According to Engadget.com, AT&T will implement a 150GB monthly cap on DSL customers and a 250GB cap on subscribers to U-Verse high speed Internet access starting on May 2, 201. AT&T will charge overage fees of $10 for every additional 50GB of data, with two grace periods to start out — in other words, the third time you go over the cap, that’s when you’ll get charged.
AT&T explains it will only impact two percent of consumers who use “a disproportionate amount of bandwidth,” and poses the caps as an alternative to throttling transfer speeds or disconnecting excessive users from the service completely. Customers will be able to check their usage with an online tool, and get notifications when they reach 65 percent, 90 percent and 100 percent of their monthly rates.
Here’s the AT&T statement attempting to justify the data caps and overage charges:
“We are committed to providing a great experience for all of our Internet customers. Less than 2 percent of our Internet customers could be impacted by this approach – those who are using a disproportionate amount of bandwidth. We will communicate early and often with these customers so they are well aware of their options before they incur any additional usage charges.
The top 2 percent of residential subscribers uses about 20 percent of the bandwidth on our network. Just one of these high-traffic users can utilize the same amount of data capacity as 19 typical households. Lopsided usage patterns can cause congestion at certain points in the network, which can slow Internet speeds and interfere with other customers’ access to and use of the network. Our new plan addresses another concern: customers strongly believe that only those who use the most bandwidth should pay more than those who don’t use as much. That’s exactly what this does – and again, 98% of our customers will not be impacted by this.”
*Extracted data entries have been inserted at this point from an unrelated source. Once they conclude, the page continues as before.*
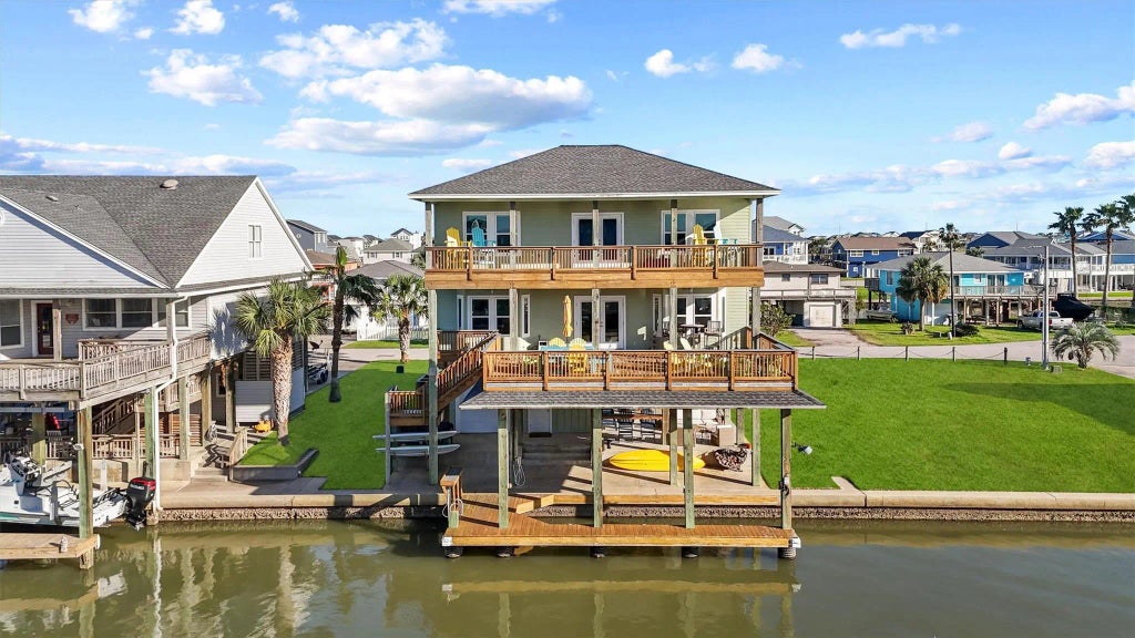 Canal-front home in Terramar Beach offering stunning sunset views and a lifestyle you'll love. This well-maintained coastal retreat offers 4 bedrooms, 2.5 baths, and 2,155 sq ft of thoughtfully designed living space. The spacious primary suite is located on the main floor and features a walk-in shower, built-in bench, and a custom walk-in closet. Enjoy open-concept living with premium shiplap walls, wood-look porcelain tile floors, and a modern kitchen with quartz countertops, an island, and double ovens. Upstairs, you’ll find a versatile game/media room that opens to the deck, a 6-bed built-in bunk room, and guest bedrooms all with water views. The outdoor living is just as impressive: multiple decks with bay and canal views, an enclosed tiki bar with a half bath on the ground level, and a private boat house. *Additional lot with sprinkler system available separately.* Whether you're looking for a primary, second home, or investment—this one is a memory maker!
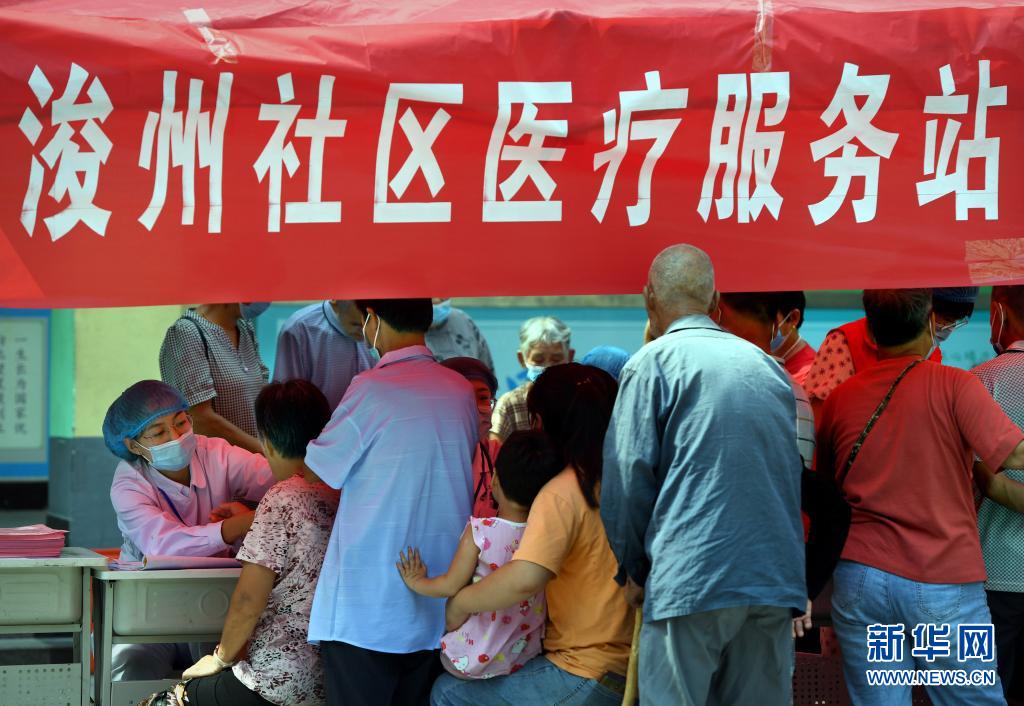 7月30日,在鹤壁市浚县科达中学安置点,医务人员在为转移群众检查身体。
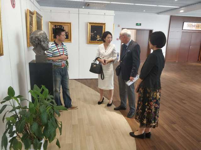 彭骏首先就图书馆空间分布、办馆理念等作简要介绍,指出图书馆围绕学校提出的“人文+实践”相结合的双螺旋培养模式,通过空间建设和各类活动开展,积极营造良好的医学人文氛围,助力提升广大医学生人文素养。之后,在彭骏带领下,Christoph Josten一行来到南苑图书馆五楼,参观了医学人文油画展。Christoph Josten对一幅幅精美的油画以及油画背后的故事很有兴趣,他一边观赏一边与大家讨论交流。Christoph Josten表示,通过油画来讲述医学发展历史,传播医学人文精神,这种方式很直观、有趣,也非常有效,值得借鉴。最后,Christoph Josten一行还参观了图书馆报告厅、藏书区和西文室等区域。(校图书馆)
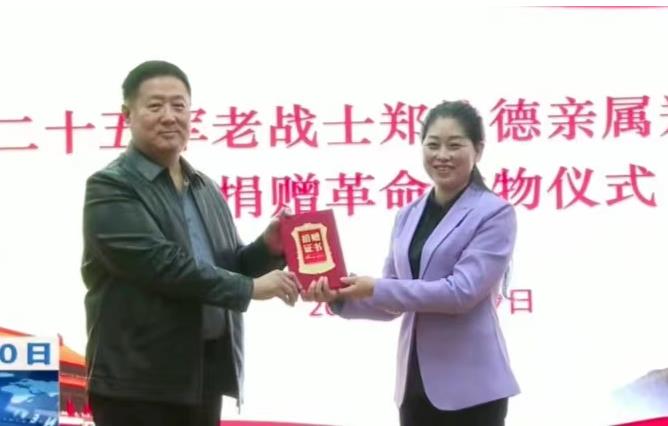 10月29日,红二十五军老战士郑执德之子郑光、郑执德之女郑丽专程回到家乡湖北省英山县向长征国家文化公园英山园区捐赠革命文物。中共英山县委书记郑光文,县委副书记、县长王海霞等县“四大家”领导在长征国家文化公园英山园区游客接待中心参加捐赠仪式。

Opinion: I expected data caps to happen late last year, with all the video streaming, uploads and downloads. Apparently, most of the streaming is from people streaming Netflix videos to their converter boxes- TVs.
Note, that ATT’s U-verse and ADSL-based Internet access are completely different transport architectures:
- U-verse is all IP over Ethernet (frame format) with fiber to the cabinet/node and VDSL2 to the subscriber- shorter copper loop than conventional DSL Internet access.
- ADSL Internet is IP over PPP over ATM AAL5 over ADSL (or ADSL2+) from the CO or Digital Loop Carrier to the subscriber (much longer copper loop).
Here’s an article comparing triple play delivery networks, highlighting AT&T U Verse (based on an IEEE ComSoc SCV officer tour of AT&Ts U Verse Labs in San Ramon, CA last summer). Readers may find it informative if not enlightening:
As far as we know, Comcast is NOT capping its high speed Internet traffic- either for residential or business customers. And they offer higher speeds than AT&T U-Verse or DSL Internet.
Note: The author has had AT&T (SBC, Pac Bell) DSL based Internet access since 2001, which was only upgraded to 2.5 M bit/sec a few years ago. It is much slower than DSL access in other countries, let alone what Comcast and other MSOs are offering for the same service.